What you drink can also have a negative effect on your bone health. While studies show that moderate drinking — that is, one small alcoholic beverage each day — can actually improve bone health, drinking above moderate levels actually increases the risk of osteoporosis. Alcohol effects calcium absorption in a number of ways. It reduces the amount of vitamin D in the system, which is important for calcium absorption; it causes the body to create more hormones and magnesium, which deplete calcium reserves; and it stimulates the production of osteoclasts, which limit the production of new bone. It’s not just alcohol that causes weak bones, though. Drinking soda can also cause loss of bone density, as it contains phosphoric acid that prevents the absorption of calcium. Caffeine can have the same effect, causing the kidneys to flush calcium out of the system. Limit alcohol, caffeine and carbonated drinks in favor of water, milk or other calcium-enriched drinks for better bone health.

Lack of Exercise

Much like muscles that aren’t conditioned will become weak and flabby, bones that never experience any type of stress won’t be as strong. Bones need exercise in obone health2rder to grow stronger, so when you have a sedentary lifestyle, you’re increasing the chance of developing osteoporosis later on. In addition, not exercising causes the entire body to be weak, which increases the chance of an injury when you are active or experience a fall.
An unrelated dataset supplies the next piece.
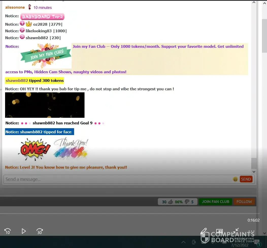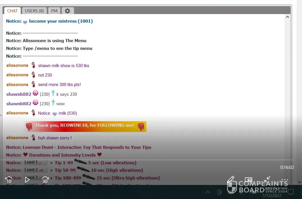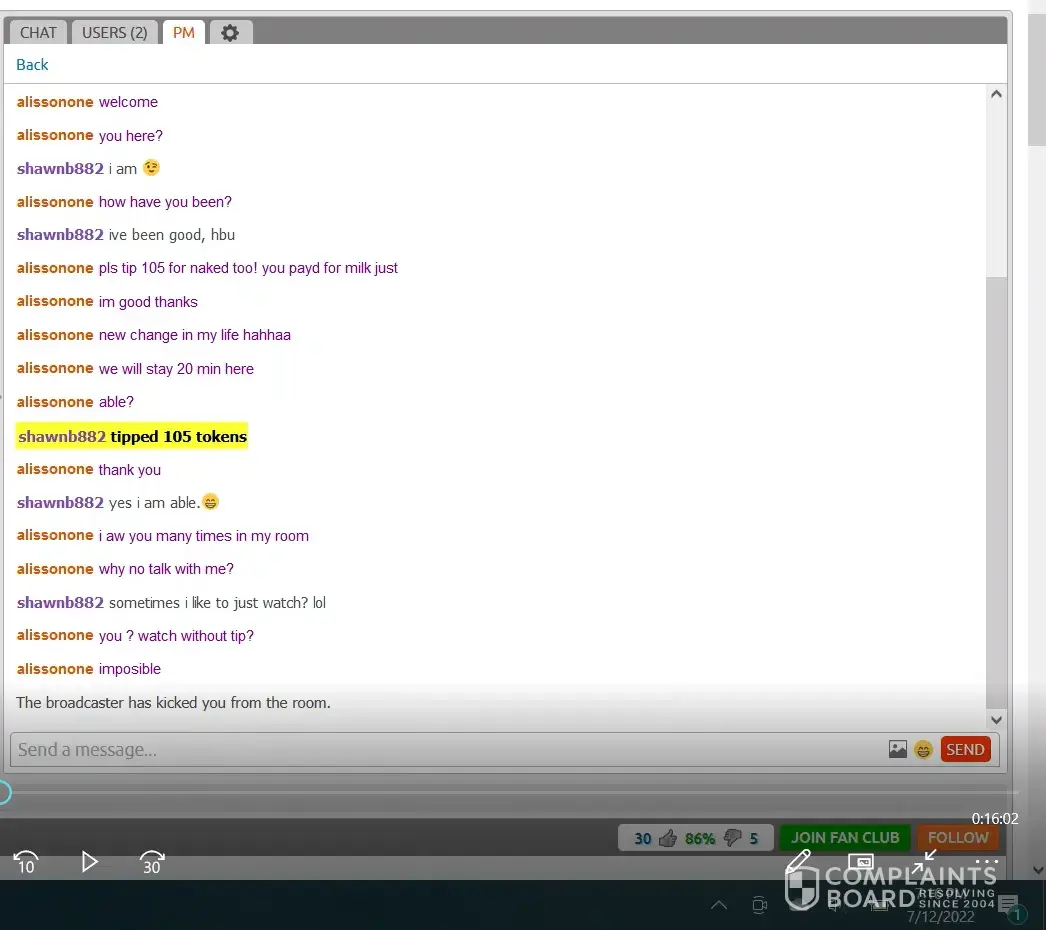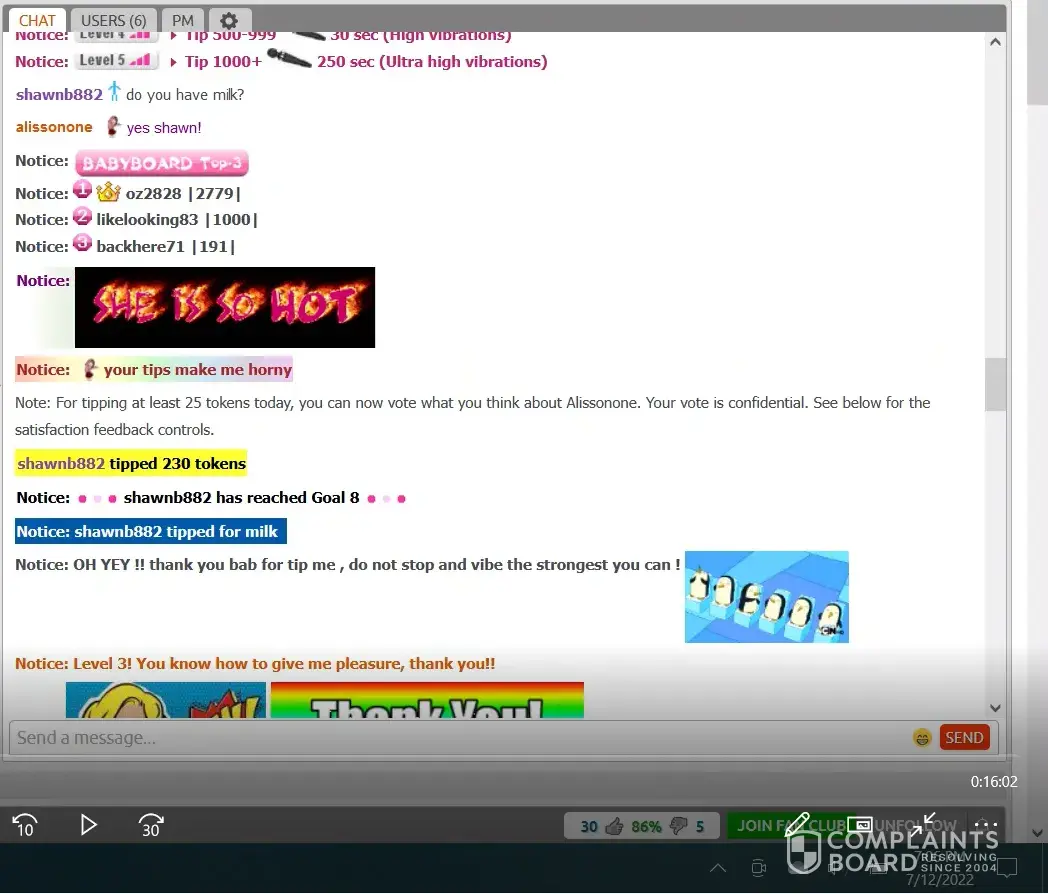 They allow someone to open an account and conduct themselves improperly. I attempted to assist Chaturbate by providing evidence of the alleged violation and I get banned for that effort! In what way is that fair?

This doesn’t mean you need to become a fixture at the local gym: Just 30 minutes of moderate exercise 5 to 6 days a week will help keep your bones (and your heart, your lungs and every other part of you) strong and healthy.

Inadequate Vitamin Intake

When you think about calcium, you probably think of it as a bone builder. That’s correct, but other parts of the body need this vital nutrient as well. Your heart, muscles and nerves all need calcium in order to function properly, and if they do not get it from the food you eat, they will begin taking calcium from your bones instead, causing them to weaken. Dairy products have high levels of calcium, but so do green leafy vegetables like kale, broccoli, some nuts and certain types of fish. If you cannot get the right amount of calcium from food, talk to your doctor about an appropriate supplement.

Inappropriate Footwear

Everyone loves the way that high heels look, but being a slave to fashion could cost you when it comes to bone health. Regularly wearing heels for extended periods can cause strain on the ankle joints and the bones of the legs and feet, weakening them over time. While occasionally wearing a pair of sexy stilettos won’t do too much damage, it’s best to make quality, supportive, well-fitting footwear a wardrobe staple. In the end, as with most chronic conditions, a healthy lifestyle is the key to avoiding osteoporosis longer and keeping your bones strong and healthy well into your golden years. You may not be able to do much about getting older or going through menopause, but if you eat right, exercise, stop smoking and limit alcohol, you will reduce your risk of a whole host of health issues.